Exercise input: Begin
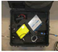
Complete System Setup
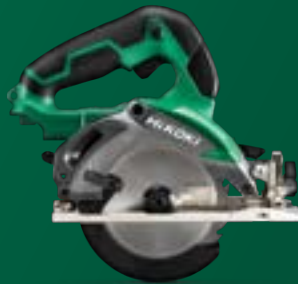
18V Brushless 125mm Circular Saw BARE TOOL C1805DA(G2Z)
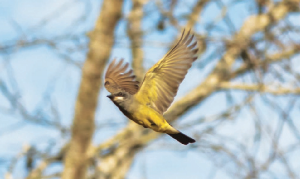
Figure 2. This Cassin's Kingbird exhibited typical flycatcher behavior, often perching in the open, changing perches to nearby areas occasionally, and flycatching insects.
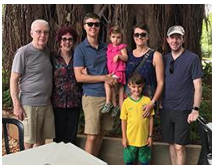
Photos: Our Family together in Brazil last Christmas and this Thanksgiving at the Iguazu Falls in Brazil and Argentina.
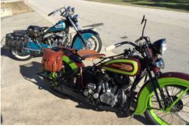
More Butch Hudkins Beauties
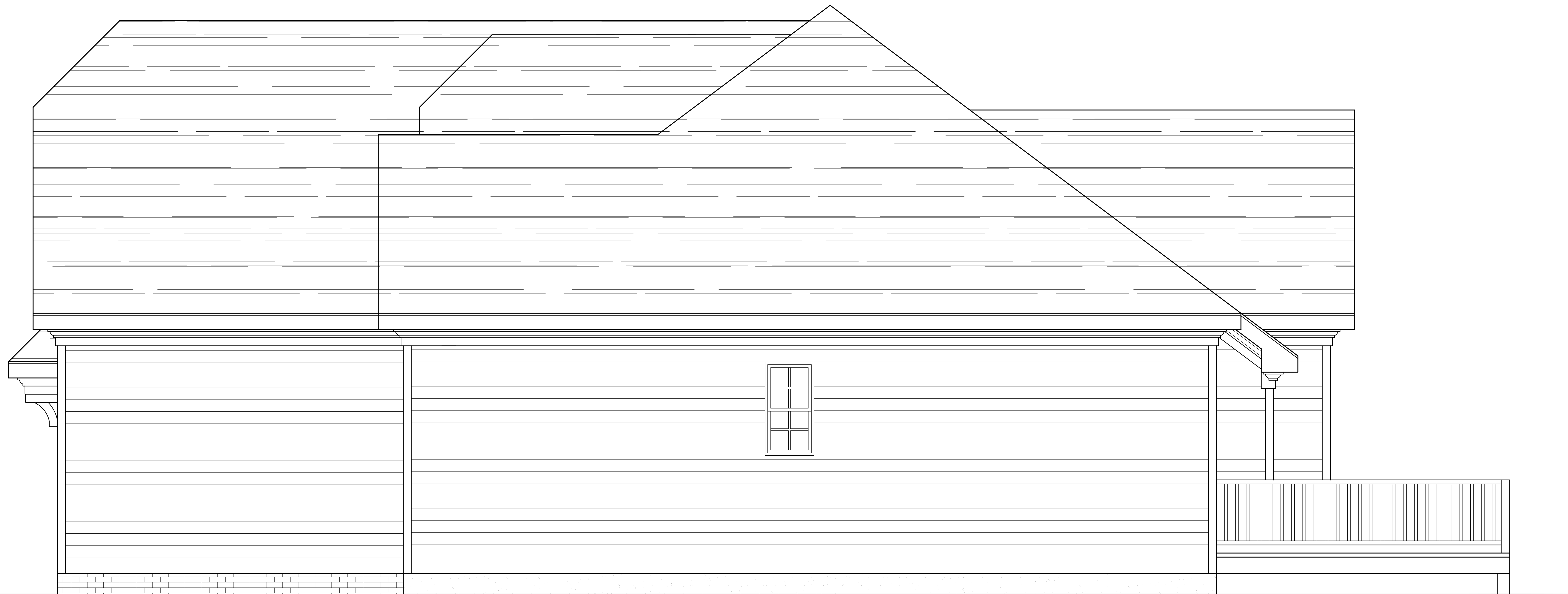
PROPOSED RIGHT ELEVATION SCALE: 1/4" = 1'-0"
Exercise input: End
### What is needed
Could you write the entries out again exactly, without their pictures?

### Task solution
Complete System Setup
18V Brushless 125mm Circular Saw BARE TOOL C1805DA(G2Z)
Figure 2. This Cassin's Kingbird exhibited typical flycatcher behavior, often perching in the open, changing perches to nearby areas occasionally, and flycatching insects.
Photos: Our Family together in Brazil last Christmas and this Thanksgiving at the Iguazu Falls in Brazil and Argentina.
More Butch Hudkins Beauties
PROPOSED RIGHT ELEVATION SCALE: 1/4" = 1'-0"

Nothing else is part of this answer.